Start of Dataset extract
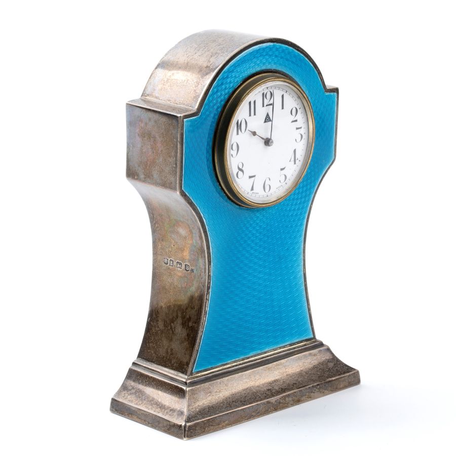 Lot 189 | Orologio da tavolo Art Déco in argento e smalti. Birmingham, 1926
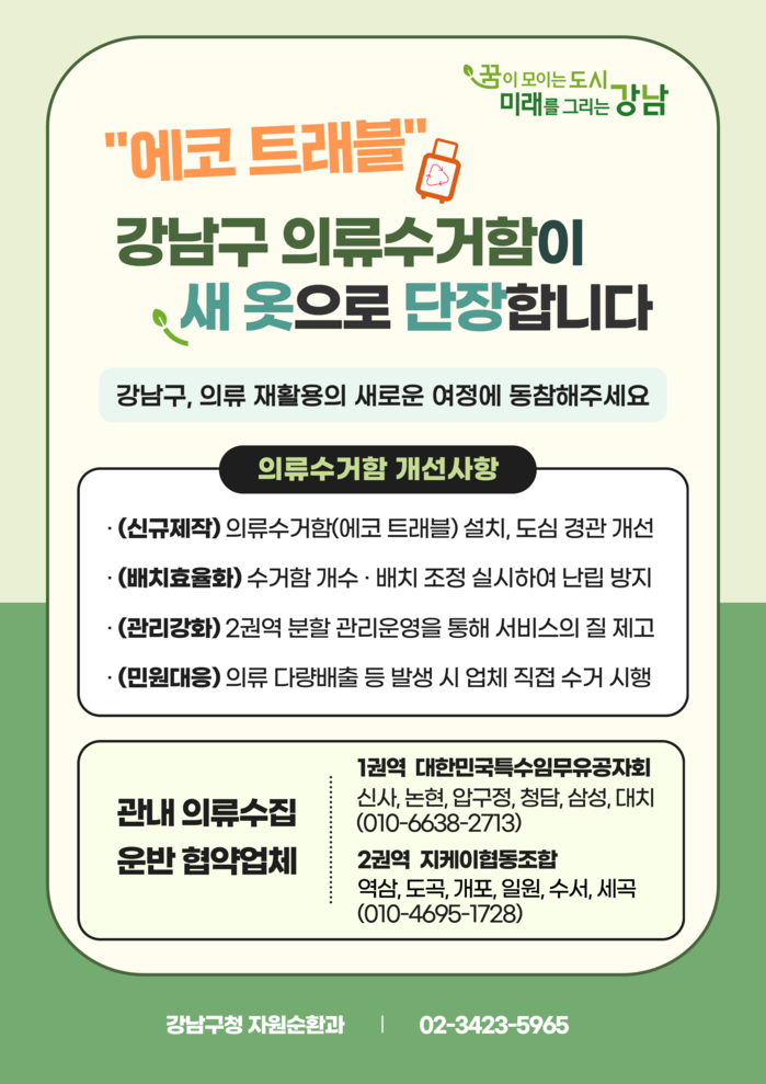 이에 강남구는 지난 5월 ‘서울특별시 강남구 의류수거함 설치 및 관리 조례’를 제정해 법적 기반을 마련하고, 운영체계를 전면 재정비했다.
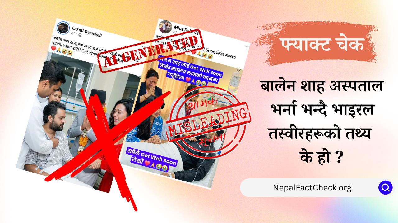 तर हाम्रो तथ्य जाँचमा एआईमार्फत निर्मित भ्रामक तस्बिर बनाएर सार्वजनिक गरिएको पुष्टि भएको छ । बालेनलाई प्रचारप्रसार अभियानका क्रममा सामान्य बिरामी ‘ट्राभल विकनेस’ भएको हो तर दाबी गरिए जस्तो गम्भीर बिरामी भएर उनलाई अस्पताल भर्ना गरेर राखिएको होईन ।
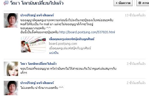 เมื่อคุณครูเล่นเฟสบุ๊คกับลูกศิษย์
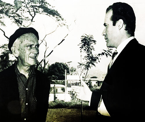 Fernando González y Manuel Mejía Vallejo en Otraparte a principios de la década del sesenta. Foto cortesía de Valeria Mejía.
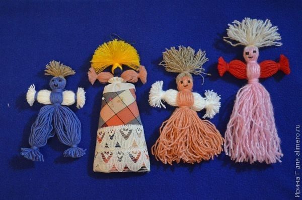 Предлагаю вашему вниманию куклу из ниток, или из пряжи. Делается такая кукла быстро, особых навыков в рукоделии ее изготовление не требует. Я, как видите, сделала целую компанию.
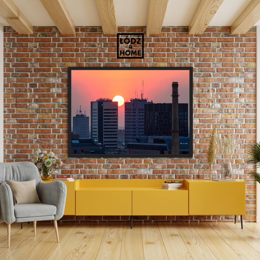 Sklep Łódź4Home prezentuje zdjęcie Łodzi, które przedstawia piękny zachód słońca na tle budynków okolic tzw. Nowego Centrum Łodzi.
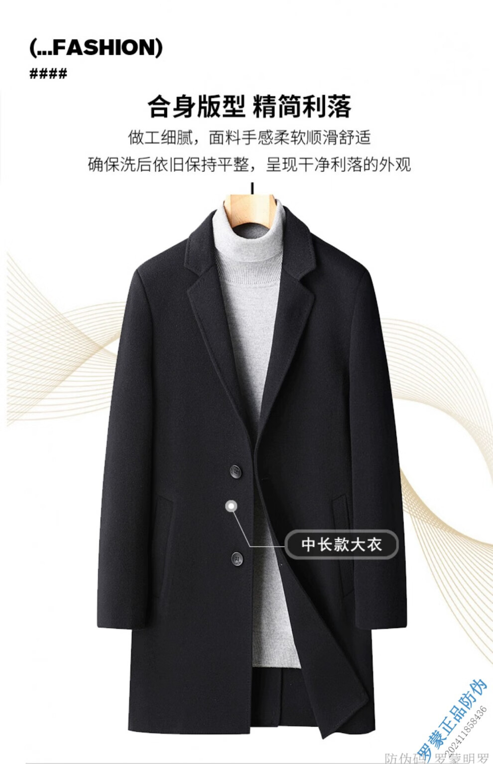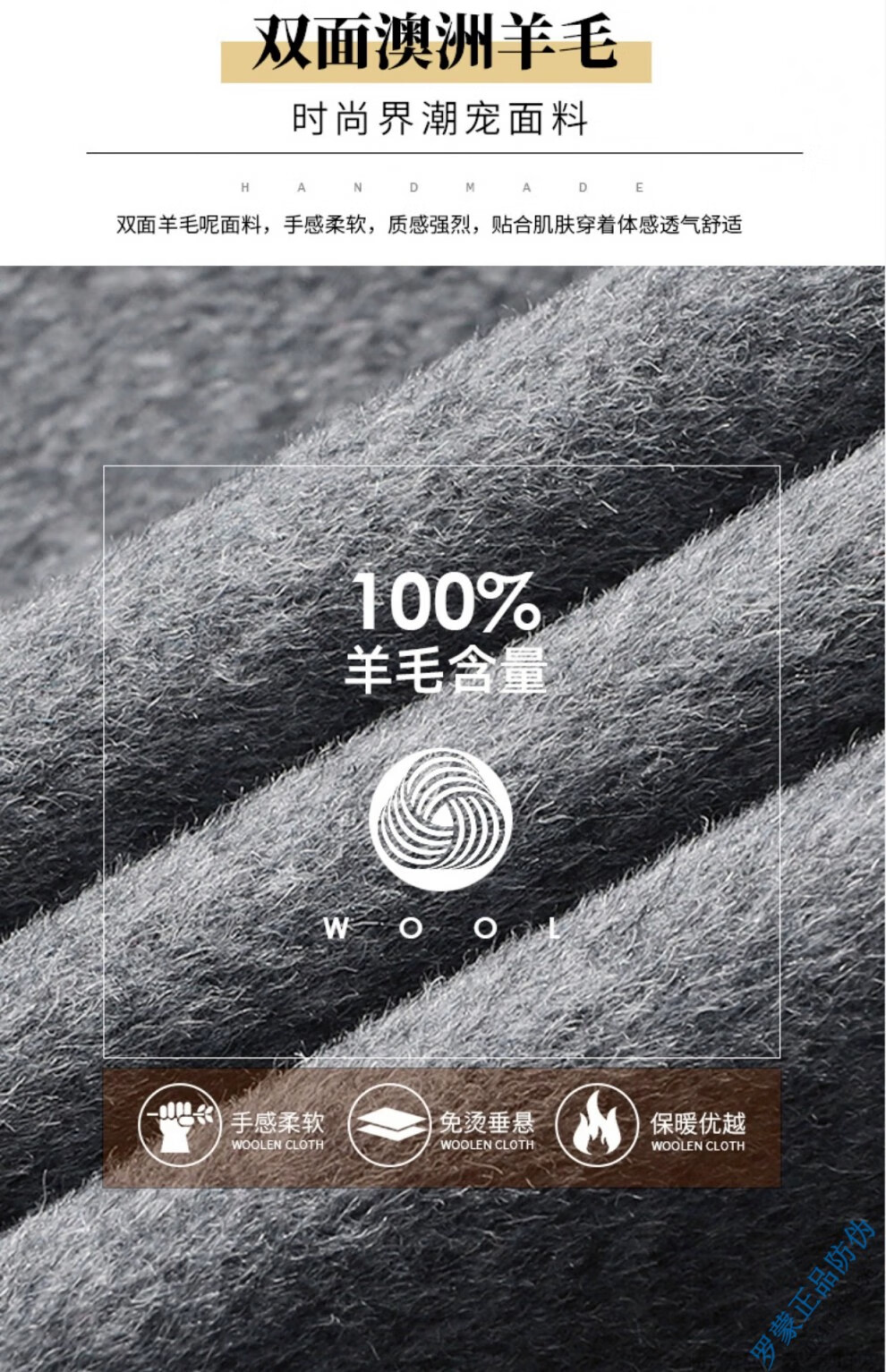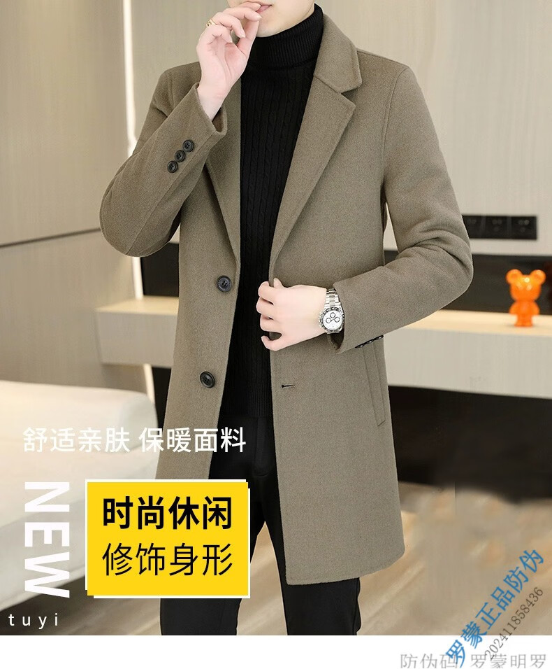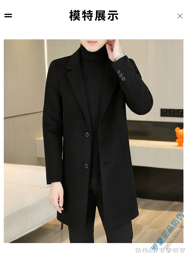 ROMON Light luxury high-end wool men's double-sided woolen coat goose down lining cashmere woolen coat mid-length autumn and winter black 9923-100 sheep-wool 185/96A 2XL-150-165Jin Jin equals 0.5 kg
End of Dataset extract
Start of Dataset extract
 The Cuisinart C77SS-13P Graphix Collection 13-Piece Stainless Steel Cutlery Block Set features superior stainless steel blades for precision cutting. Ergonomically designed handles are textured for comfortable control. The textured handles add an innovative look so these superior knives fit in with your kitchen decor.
End of Dataset extract
Start of Dataset extract
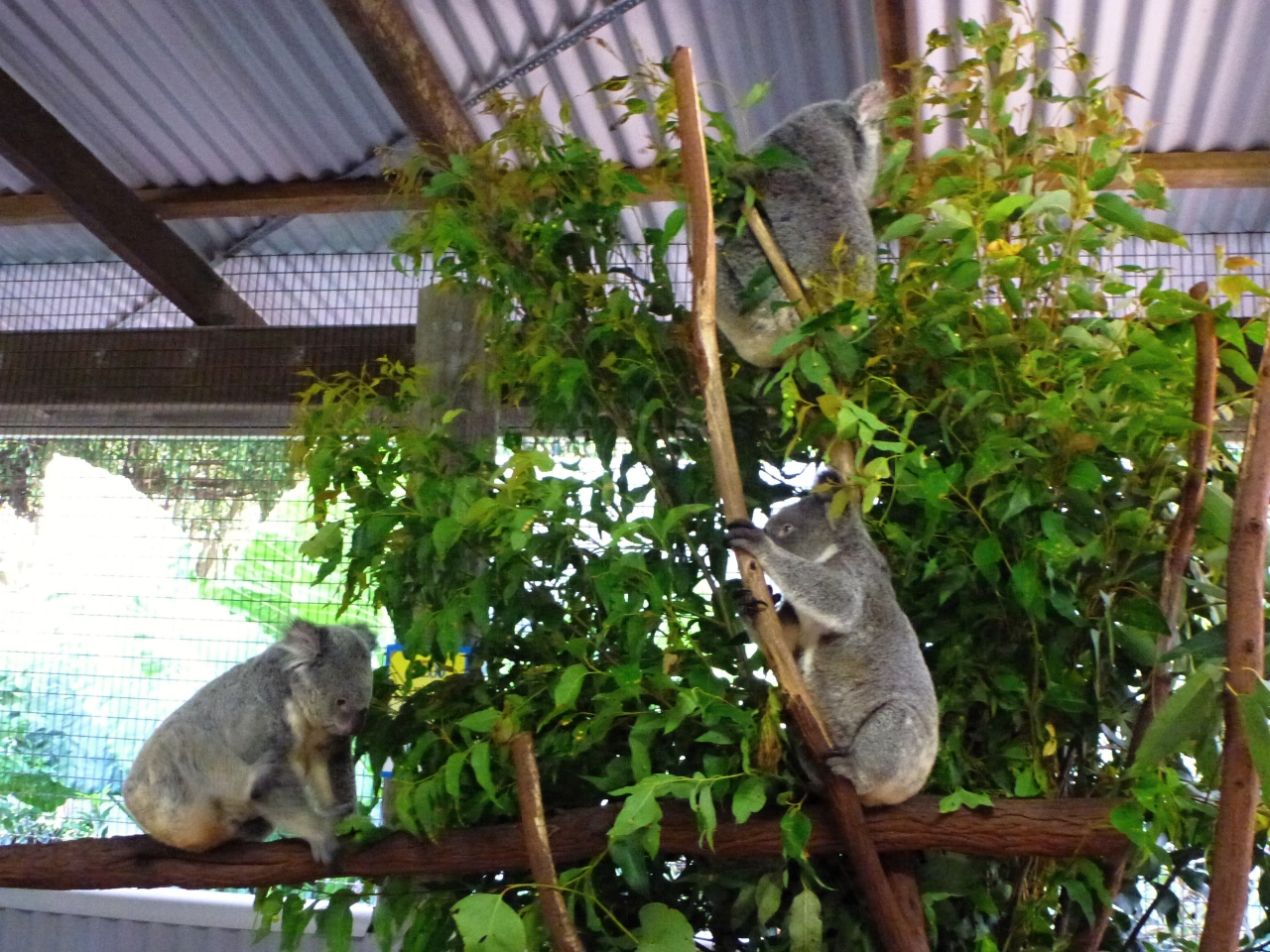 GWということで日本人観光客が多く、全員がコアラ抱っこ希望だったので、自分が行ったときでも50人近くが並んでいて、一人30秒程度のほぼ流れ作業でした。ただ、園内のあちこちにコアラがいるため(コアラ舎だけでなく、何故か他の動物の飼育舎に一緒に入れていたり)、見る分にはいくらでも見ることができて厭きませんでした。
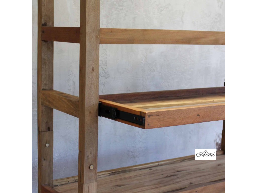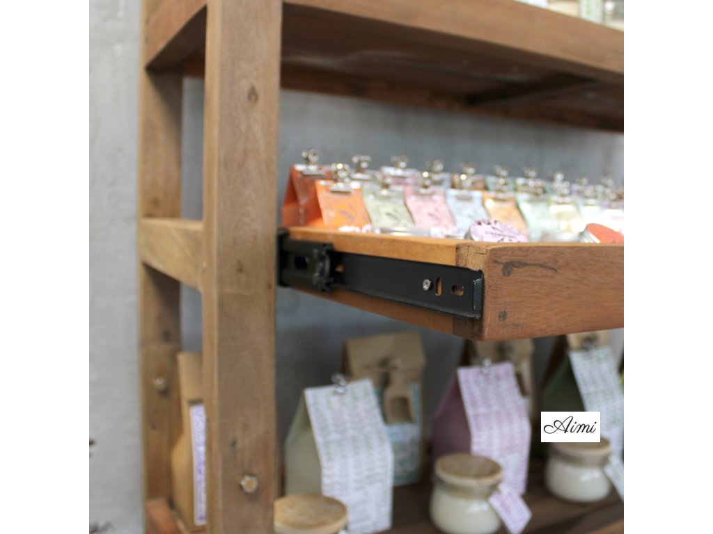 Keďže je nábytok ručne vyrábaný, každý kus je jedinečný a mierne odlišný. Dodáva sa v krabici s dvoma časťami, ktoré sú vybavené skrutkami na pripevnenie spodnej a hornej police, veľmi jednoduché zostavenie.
End of Dataset extract
*Required action*. Without the pictures, give again exactly the lines above starting at the line containing "Fernando González y" and ending at the line containing "ROMON Light luxury".

*Solution below*.
 Fernando González y Manuel Mejía Vallejo en Otraparte a principios de la década del sesenta. Foto cortesía de Valeria Mejía.
 Предлагаю вашему вниманию куклу из ниток, или из пряжи. Делается такая кукла быстро, особых навыков в рукоделии ее изготовление не требует. Я, как видите, сделала целую компанию.
 Sklep Łódź4Home prezentuje zdjęcie Łodzi, które przedstawia piękny zachód słońca na tle budynków okolic tzw. Nowego Centrum Łodzi.
 ROMON Light luxury high-end wool men's double-sided woolen coat goose down lining cashmere woolen coat mid-length autumn and winter black 9923-100 sheep-wool 185/96A 2XL-150-165Jin Jin equals 0.5 kg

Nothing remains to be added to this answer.